## Raw data
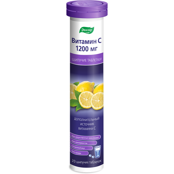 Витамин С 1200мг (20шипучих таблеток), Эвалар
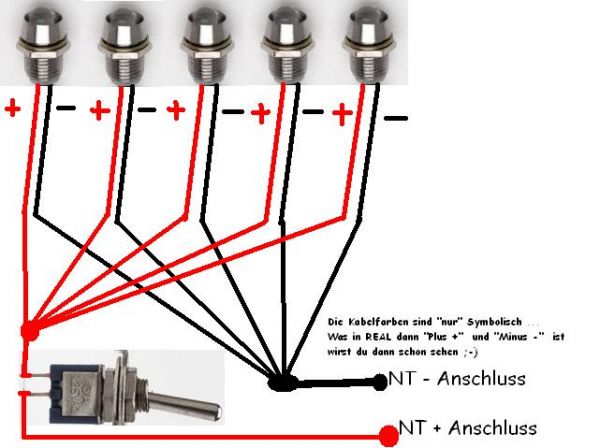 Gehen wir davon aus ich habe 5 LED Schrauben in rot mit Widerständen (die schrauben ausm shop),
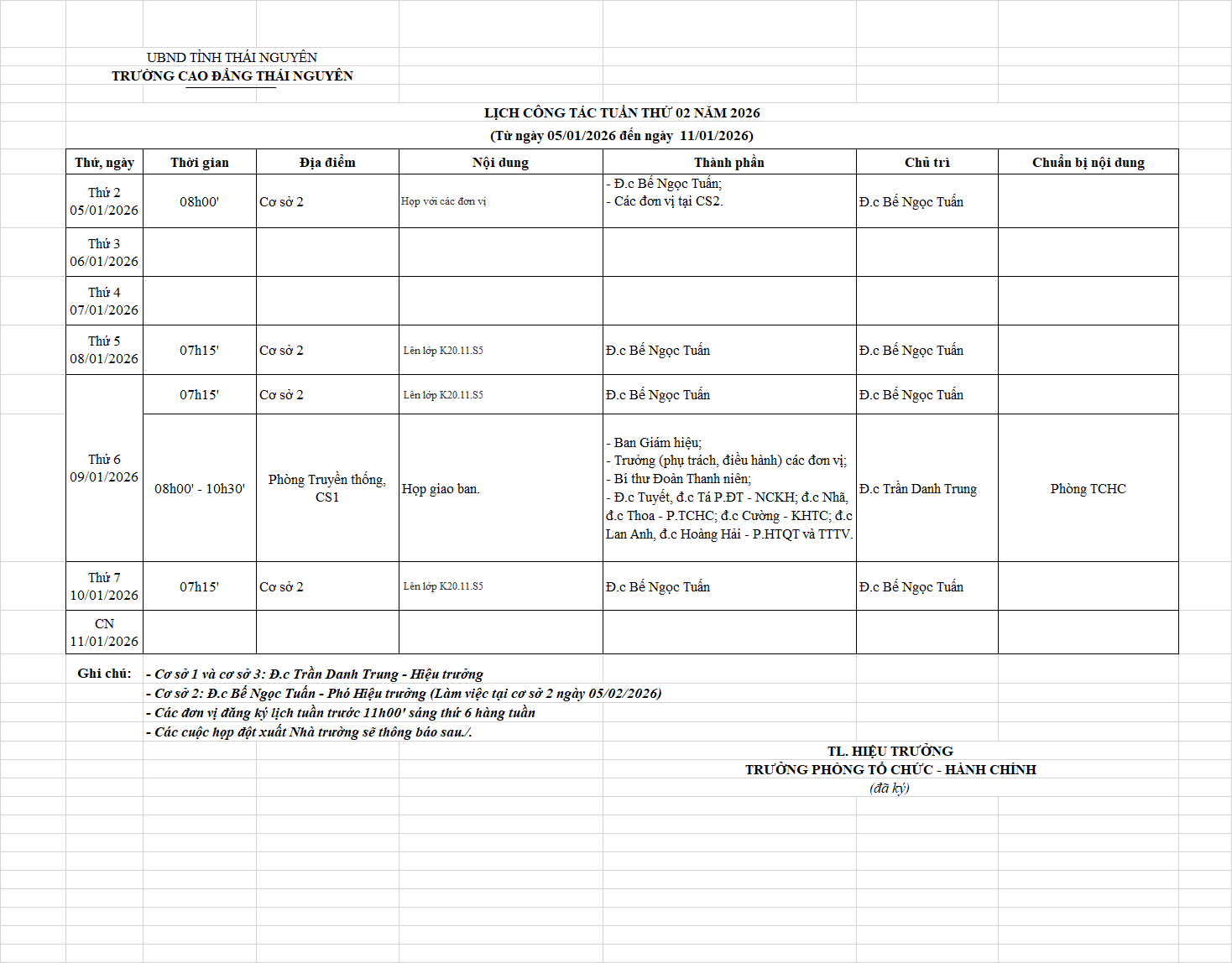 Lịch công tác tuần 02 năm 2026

## Exercise goal
Keep the pictures out of the copy and write out the data exactly as it stands.

## Result below
 Витамин С 1200мг (20шипучих таблеток), Эвалар
 Gehen wir davon aus ich habe 5 LED Schrauben in rot mit Widerständen (die schrauben ausm shop),
 Lịch công tác tuần 02 năm 2026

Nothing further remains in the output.